Comme l’a expliqué Guido Scorza à Netcost-security.fr, la publication de photographies sans le consentement de la personne concernée « constitue une violation de la vie privée et des données personnelles » et peut donc être passible de poursuites légales. Grâce à la dénonciation de Capria et à l’attention médiatique suscitée après une vague d’indignation sur les réseaux sociaux, le phénomène des groupes et des chats diffusant des images de femmes sans leur accord a été mis en lumière. Ce phénomène est très répandu et, selon les estimations, compte environ 17 millions d’utilisateurs dans le monde entier, rien que sur Telegram. Cependant, il est difficile d’obtenir un chiffre précis, car les sondages ne peuvent pas prendre en compte les groupes WhatsApp où ce type de contenu circule également.

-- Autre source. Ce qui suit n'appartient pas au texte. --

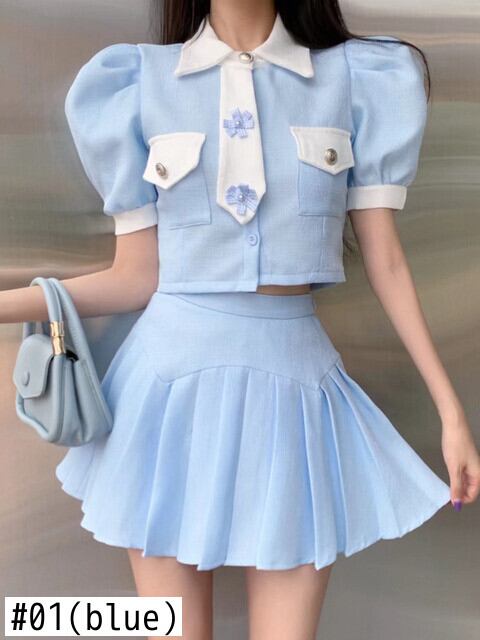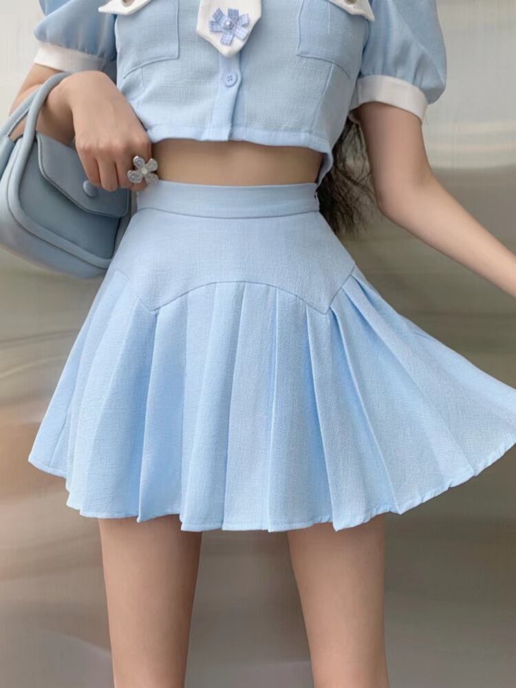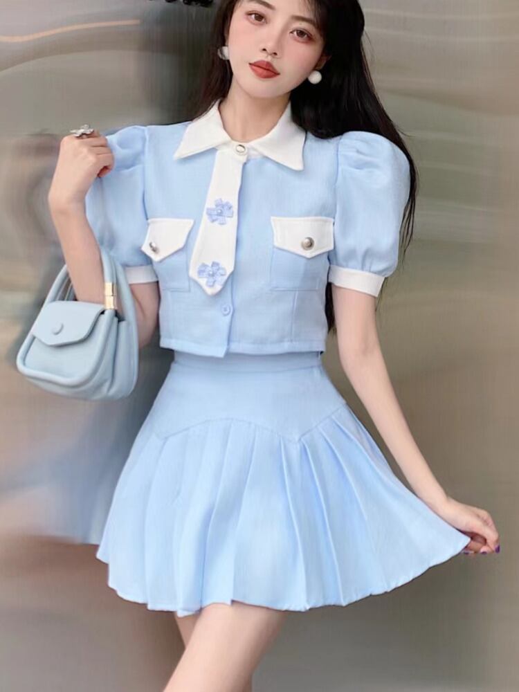 夏衣装バブルスリーブクロップトップ & プリーツスカートツーピースセット甘い 2 ピーススーツ 大人ガーリー スウィート キュート カジュアル サマー 夏物

En dépit de la possibilité que certaines femmes aient choisi de partager volontairement leurs photos dans ces chats, il est impossible de nier que la majorité n’a pas donné son accord. Il s’agit de milliers de femmes – peut-être des centaines de milliers dans le monde entier – qui sont chaque jour objectivées et humiliées par des inconnus, subissant une forme de violence incontestable.

Paradoxalement, il est encore difficile de faire comprendre que la violence sexuelle peut se manifester de bien des manières, au-delà du viol ou du féminicide. Les différentes formes de violence incluent la violence économique, psychologique, obstétricale et, bien sûr, la diffusion non consensuelle de matériel intime. Jusqu’à présent, on a principalement abordé ce phénomène par le prisme du revenge porn, qui consiste à partager des photos de partenaires ou d’ex-partenaires pour se venger. Cependant, comme le montre le cas de « Mia moglie », ce phénomène est bien plus vaste et concerne également des maris, des copains et des compagnons. En effet, toutes les études montrent que la majorité des violences se produisent dans des contextes familiaux et domestiques, perpétrées par des partenaires ou des ex-partenaires, comme en témoigne le tristement célèbre décompte des féminicides.

Les déclarations de Rocco Siffredi renforcent les préjugés qui poussent de nombreuses victimes à ne pas signaler les abus. La tendance à réduire ce phénomène à un simple « jeu » ou « plaisanterie » dissuade souvent les femmes elles-mêmes qui minimisent la gravité de la violence subie. De plus, des idées comme celles de Siffredi peuvent accroître le sentiment d’impunité chez les hommes, les incitant à se sentir légitimes à agir de manière inappropriée, allant des commentaires à connotation sexuelle malvenus, comme l’indique le cas d’une jeune femme molestée au Polyclinique de Rome, aux actes de violence physique, en passant par le harcèlement et les menaces, soutenus par l’idée que tant que l’on ne touche pas une femme, tout est permis. Si cette violence physique ne survient, c’est peut-être elle qui a provoqué la situation, en étant trop séduisante ou mal vêtue. Appellerait-on « jeu » ou plaisanterie un vol, un cambriolage ou un meurtre ? Évidemment non, pourtant notre société continue de tolérer et de minimiser les comportements violents et prédateurs des hommes.

Les déclarations de Rocco Siffredi sont une nouvelle preuve que nous vivons encore dans un système protégeant les hommes violents et justifiant leur comportement sous prétexte d’une présumée tendance naturelle à offenser. Aux États-Unis, on parle souvent de l’expression « Boys Will be boys », c’est-à-dire « ce ne sont que des garçons ». C’est en se basant sur cette croyance générale que l’on pourrait, en théorie, ne rien faire pour corriger le comportement des hommes. En Italie, il est encore difficile d’aborder les notions de consentement et d’éducation sentimentale, même dans les sphères politique et législative.

Tout cela doit évoluer pour construire une société plus équitable où les victimes de violence aient les moyens de se reconnaître comme telles, de dénoncer et d’obtenir justice. Peut-être une société où les déclarations de Siffredi seraient stigmatisées et condamnées par l’ensemble de l’opinion publique, plutôt que de leur accorder de l’espace et des séries télé.